Circassia sərkăshˈēə [key], historic region, encompassing roughly the area between the Black Sea, the Kuban River, and the Caucasus, now largely the Krasnodar Territory of SE European Russia. The Circassians are a Muslim people, whose Russian name is Cherkess and whose native name is Adygey. They are now officially classified in Russia as three peoples: the Kabards, in the Kabardino-Balkar Republic; the Circassians or Cherkess, in the Karachay-Cherkess Republic; and the Adygey, in the Adygey Republic. The term Circassian has sometimes been incorrectly applied to all the mountain peoples of the N Caucasus.

Known in antiquity, they inhabited the western side of the Caucasus and the Crimea and were known to the Greeks as the Zyukhoy. They were Christianized in the 6th cent. a.d. but adopted Islam in the 17th cent. after coming under the rule of the Ottoman Empire.

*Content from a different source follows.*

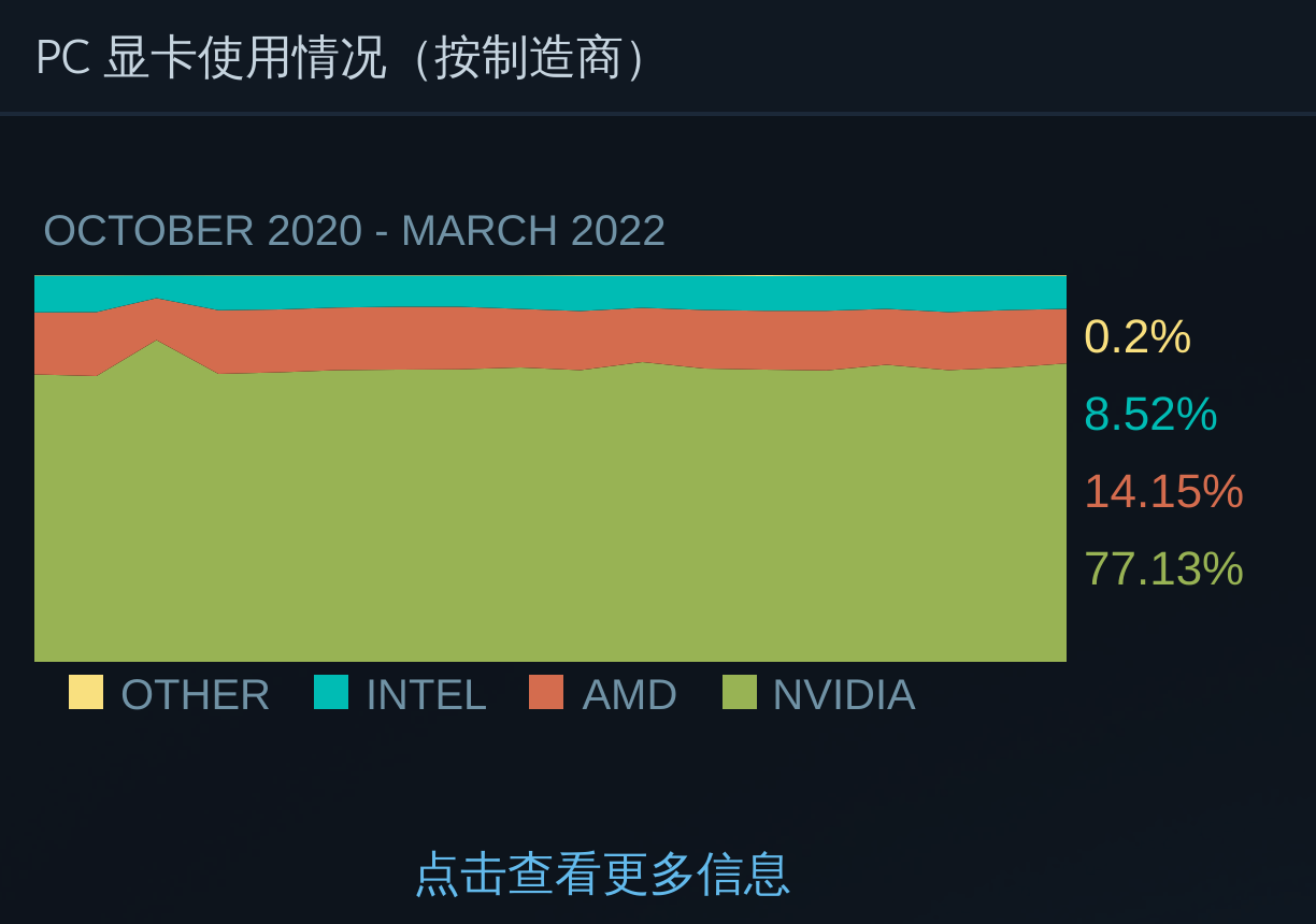 同时,使用英伟达显卡的用户比例达到77.13%,而AMD显卡用户则占比14.15%。

In 1829 the Ottoman Turks were forced to cede Circassia to Russia. At this time the Circassians occupied almost the entire area between the main Caucasian range, the Kuban River, and the Black Sea. In the many Russo-Turkish wars in the first half of the 19th cent., the Circassians bitterly fought the Russians. After the Russian conquest of the area, hundreds of thousands of Circassians were deported or fled to Turkey (1861–64). Circassian women were reputed to be great beauties, and many were sold into slavery in Turkey. The vast majority of Circassians now live in Turkey. In addition to the Turkish and Russian Circassians, there are smaller populations in Syria, Jordan, Germany, and elsewhere.